* Dataset records:
Content starts
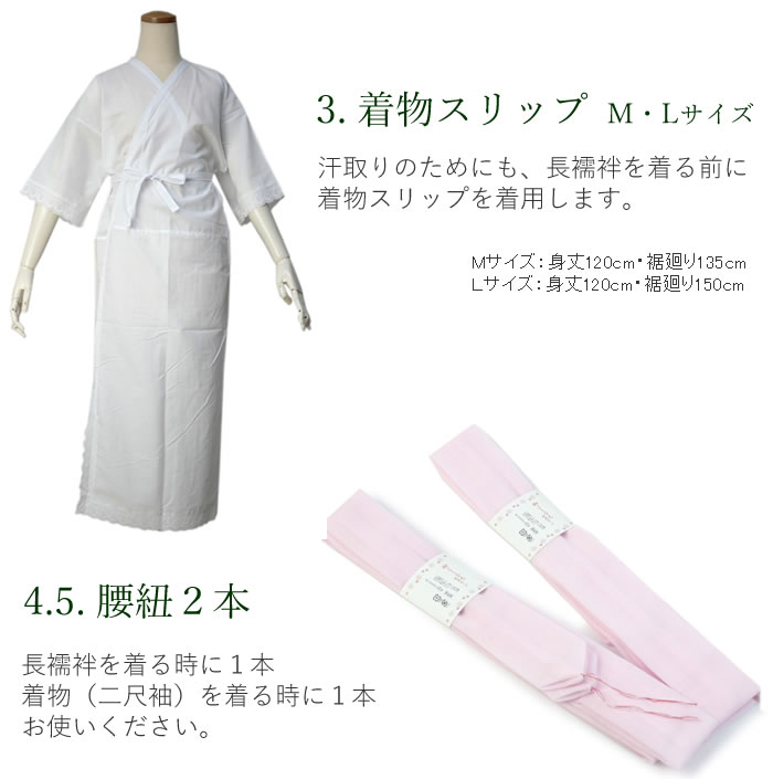 袴 卒業式 女 着付け小物 セット M L レディース スリップ 衿芯 腰紐 白足袋 7点 二尺袖 和装 着物 衣装 購入 販売 新品 セール対象外 送料無料対象外 KZ tbわう
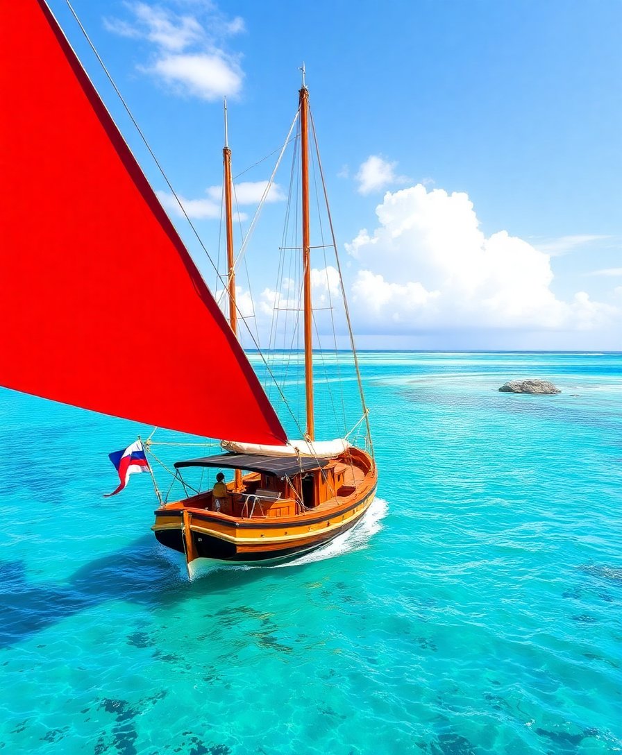 Ultimately, add final details to complete your vintage schooner scene. Therefore, your finished artwork showcases the serene beauty of Pacific island exploration.
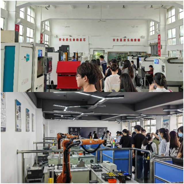 南昌市第一中等专业学校给同学们安排了丰富的见习内容,在机电部实训教室,大家参观了精密仪器加工车间、工业机器人实训中心、VR模拟仿真实训中心等,期间还与准备参加国家级竞赛的学生进行了交流,让同学们真实感受到理论学习与动手实践的内在联系。
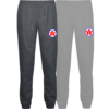 8 oz. 50/50 cotton/polyester pill resistant fleece, pre-shrunk, elastic bottom leg openings — imprinted logo left leg
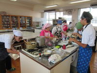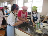 本校では、毎年、家庭科の授業で、御船町の食生活改善推進員(愛称:ヘルスメイト)さん達を講師として招き、郷土料理の調理実習を実施しています。今年も、水前寺菜(御船町では「御船川」という名称で生産・販売を促進しています)を利用した郷土料理の実習をしました。本日は、2年4組の授業に5名のヘルスメイトさんが来てくださいました。そのうち2名のヘルスメイトさんは、お孫さんが本校に在籍中ということでした。いろいろな話をしながら楽しく実習をさせていただきました。来週も各クラスで調理実習が続きます。
Content ends
* Problem to solve:
Omit every picture, then write out the entries above exactly.

* Answer to this task:
 袴 卒業式 女 着付け小物 セット M L レディース スリップ 衿芯 腰紐 白足袋 7点 二尺袖 和装 着物 衣装 購入 販売 新品 セール対象外 送料無料対象外 KZ tbわう
 Ultimately, add final details to complete your vintage schooner scene. Therefore, your finished artwork showcases the serene beauty of Pacific island exploration.
 南昌市第一中等专业学校给同学们安排了丰富的见习内容,在机电部实训教室,大家参观了精密仪器加工车间、工业机器人实训中心、VR模拟仿真实训中心等,期间还与准备参加国家级竞赛的学生进行了交流,让同学们真实感受到理论学习与动手实践的内在联系。
 8 oz. 50/50 cotton/polyester pill resistant fleece, pre-shrunk, elastic bottom leg openings — imprinted logo left leg
 本校では、毎年、家庭科の授業で、御船町の食生活改善推進員(愛称:ヘルスメイト)さん達を講師として招き、郷土料理の調理実習を実施しています。今年も、水前寺菜(御船町では「御船川」という名称で生産・販売を促進しています)を利用した郷土料理の実習をしました。本日は、2年4組の授業に5名のヘルスメイトさんが来てくださいました。そのうち2名のヘルスメイトさんは、お孫さんが本校に在籍中ということでした。いろいろな話をしながら楽しく実習をさせていただきました。来週も各クラスで調理実習が続きます。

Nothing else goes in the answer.